## Records for the task
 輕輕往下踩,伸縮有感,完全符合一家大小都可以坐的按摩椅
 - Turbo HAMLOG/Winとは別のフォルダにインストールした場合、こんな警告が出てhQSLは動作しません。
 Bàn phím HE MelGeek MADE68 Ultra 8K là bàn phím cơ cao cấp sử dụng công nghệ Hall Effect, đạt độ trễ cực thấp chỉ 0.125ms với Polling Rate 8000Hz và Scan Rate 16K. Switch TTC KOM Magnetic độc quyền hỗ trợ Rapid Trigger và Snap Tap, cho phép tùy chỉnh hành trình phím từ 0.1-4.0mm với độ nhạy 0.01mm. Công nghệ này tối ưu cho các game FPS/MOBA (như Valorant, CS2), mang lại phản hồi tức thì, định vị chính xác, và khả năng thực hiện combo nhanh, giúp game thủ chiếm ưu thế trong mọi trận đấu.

...

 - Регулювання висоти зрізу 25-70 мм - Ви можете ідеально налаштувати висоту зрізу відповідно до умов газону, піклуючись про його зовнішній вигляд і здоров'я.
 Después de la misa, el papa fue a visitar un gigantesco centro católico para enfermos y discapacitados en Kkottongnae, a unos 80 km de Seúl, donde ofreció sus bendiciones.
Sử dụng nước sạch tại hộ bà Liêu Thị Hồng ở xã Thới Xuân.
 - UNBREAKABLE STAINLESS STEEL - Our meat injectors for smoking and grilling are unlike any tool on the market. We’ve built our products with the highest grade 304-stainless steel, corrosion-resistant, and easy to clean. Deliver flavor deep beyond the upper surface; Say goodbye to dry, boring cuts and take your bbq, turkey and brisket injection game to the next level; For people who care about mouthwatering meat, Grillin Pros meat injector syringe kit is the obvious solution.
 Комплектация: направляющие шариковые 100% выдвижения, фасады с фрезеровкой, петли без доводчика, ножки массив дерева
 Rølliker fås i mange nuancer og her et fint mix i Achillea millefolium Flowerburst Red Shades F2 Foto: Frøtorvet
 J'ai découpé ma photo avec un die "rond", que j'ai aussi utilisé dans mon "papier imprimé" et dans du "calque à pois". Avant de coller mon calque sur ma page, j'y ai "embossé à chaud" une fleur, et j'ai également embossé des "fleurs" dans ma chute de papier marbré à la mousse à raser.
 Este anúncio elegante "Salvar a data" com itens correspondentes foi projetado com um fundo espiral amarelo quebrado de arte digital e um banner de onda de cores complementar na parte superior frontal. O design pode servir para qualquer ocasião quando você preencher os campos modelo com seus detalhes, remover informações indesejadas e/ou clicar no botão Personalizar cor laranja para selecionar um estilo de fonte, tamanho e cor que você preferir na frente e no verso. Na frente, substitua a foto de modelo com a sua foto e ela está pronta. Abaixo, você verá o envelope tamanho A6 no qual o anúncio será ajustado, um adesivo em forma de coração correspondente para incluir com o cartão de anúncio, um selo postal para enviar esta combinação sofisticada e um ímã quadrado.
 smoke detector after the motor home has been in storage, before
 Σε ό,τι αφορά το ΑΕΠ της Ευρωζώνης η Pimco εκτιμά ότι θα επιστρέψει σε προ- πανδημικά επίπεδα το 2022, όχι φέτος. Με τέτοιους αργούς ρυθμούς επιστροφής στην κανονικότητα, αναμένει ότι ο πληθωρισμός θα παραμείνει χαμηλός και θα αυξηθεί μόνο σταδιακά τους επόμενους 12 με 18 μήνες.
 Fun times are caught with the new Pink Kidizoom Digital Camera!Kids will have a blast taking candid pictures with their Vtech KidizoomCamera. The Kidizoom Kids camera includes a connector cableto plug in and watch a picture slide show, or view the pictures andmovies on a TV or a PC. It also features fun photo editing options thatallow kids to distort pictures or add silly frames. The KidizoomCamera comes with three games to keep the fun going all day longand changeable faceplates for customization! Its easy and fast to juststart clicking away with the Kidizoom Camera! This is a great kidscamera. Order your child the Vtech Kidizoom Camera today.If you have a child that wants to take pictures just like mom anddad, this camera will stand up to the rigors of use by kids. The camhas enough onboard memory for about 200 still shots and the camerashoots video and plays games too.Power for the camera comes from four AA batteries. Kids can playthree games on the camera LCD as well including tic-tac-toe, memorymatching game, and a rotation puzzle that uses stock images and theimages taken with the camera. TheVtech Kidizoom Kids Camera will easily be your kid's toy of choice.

## What the task requires
Lines of the data that include the string "dụng" are to be counted; report the total by itself.

## Answer to this exercise
2